Monday, June 30, 2014

Last day of the Term

We'll get Hobby Lobby and Harris v. Quinn at 10am.  SCOTUSblog has all of the coverage.  Here's a brief summary of Quinn:

The Court has also not yet ruled on Harris v. Quinn, in which the Court is considering whether a group of home health care providers who work for the state of Illinois can be required to provide financial support to a union that represents them.  Sahil Kapur previews the decision at Talking Points Memo, describing it as “a landmark case that unions fear could deal a fatal blow to their movement.”  At PrawfsBlawg, Matt Bodie considers how the decision in Harris might play out if, as many people believe, Justice Samuel A. Alito writes for the Court.
And the issue in Hobby Lobby:
Whether the Religious Freedom Restoration Act of 1993 (RFRA), 42 U.S.C. §§ 2000bb et seq., which provides that the government “shall not substantially burden a person’s exercise of religion” unless that burden is the least restrictive means to further a compelling governmental interest, allows a for-profit corporation to deny its employees the health coverage of contraceptives to which the employees are otherwise entitled by federal law, based on the religious objections of the corporation’s owners. 

There's been a lot of talk about the number of 9-0 opinions this Term.  From the NY Times:

FOR years, particularly after the 2000 election, talk about the Supreme Court has centered on its bitter 5-to-4 divisions. Yet it is worth reflecting on a remarkable achievement: The court has agreed unanimously in more than 66 percent of its cases this term (and that figure holds even if Monday’s remaining two cases, on the Affordable Care Act’s contraceptive coverage and on public-sector unions, are not unanimous). The last year this happened was 1940.
The justices’ ability to cross partisan divides and find common ground in their bottom-line judgment in roughly two-thirds of their cases — including the two decisions handed down Thursday, restricting the president’s ability to issue recess appointments during brief breaks in the Senate’s work, and striking down a Massachusetts ban on protests near abortion clinics — should remind us that even in this hyperpartisan age, there is a difference between law and politics. 

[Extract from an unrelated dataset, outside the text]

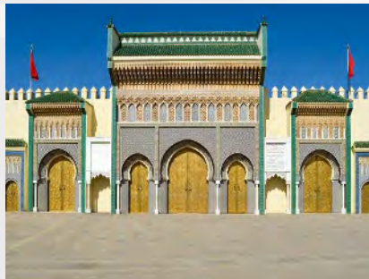
3 nights in Fes
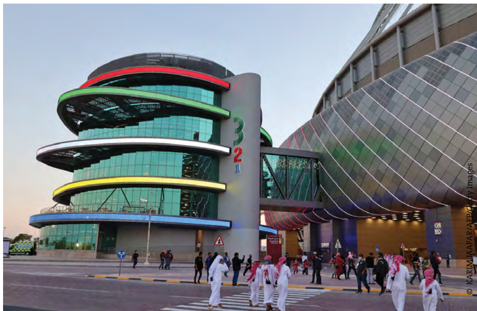
Image: The exterior glass façade of the 3-2-1 Olympic and Sports Museum features the 5 Olympic rings wrapping around its cylindrical form, directly connected to Khalifa Stadium, Doha, Qatar, 2022.

showing where they scored highest. This data, in turn, plays a role in the community. Through a partnership with Aspire Academy and national sports federations, the museum passes high-score profiles to talent scouts. The Activation Zone also works closely with Aspetar, particularly its Nutrition team, to provide families with all the tools and knowledge to implement healthy eating, offering practical advice to help kids avoid junk food and stay active. I was pleased to witness such a meaningful collaboration between the museum and Aspetar.

Although some of the opinions have been unanimous in result, the concurrences often seem like dissents, especially with Scalia going off, like in the recess appointment case:

Today's Court agrees that the appointments were in-valid, but for the far narrower reason [*38] that they were made during a 3-day break in the Senate's session. On its way to that result, the majority sweeps away the key textual limitations on the recess-appointment power. It holds, first, that the President can make appointments without the Senate's participation even during short breaks in the middle of the Senate's session, and second, that those appointments can fill offices that became vacant long before the break in which they were filled. The majority justifies those atextual results on an adverse-possession theory of executive authority: Presidents have long claimed the powers in question, and the Senate has not disputed those claims with sufficient vigor, so the Court should not "upset the compromises and working arrangements that the elected branches of Government themselves have reached." Ante, at 9.
The Court's decision transforms the recess-appointment power from a tool carefully designed to fill a narrow and specific need into a weapon to be wielded by future Presidents against future Senates. To reach that result, the majority casts aside the plain, original meaning of the constitutional text in deference to late-arising historical practices that are ambiguous at best. The majority's insistence on deferring to the Executive's untenably broad interpretation of the power is in clear conflict with our precedent and forebodes a diminution of this Court's role in controversies involving the separation of powers and the structure of government. I concur in the judgment only.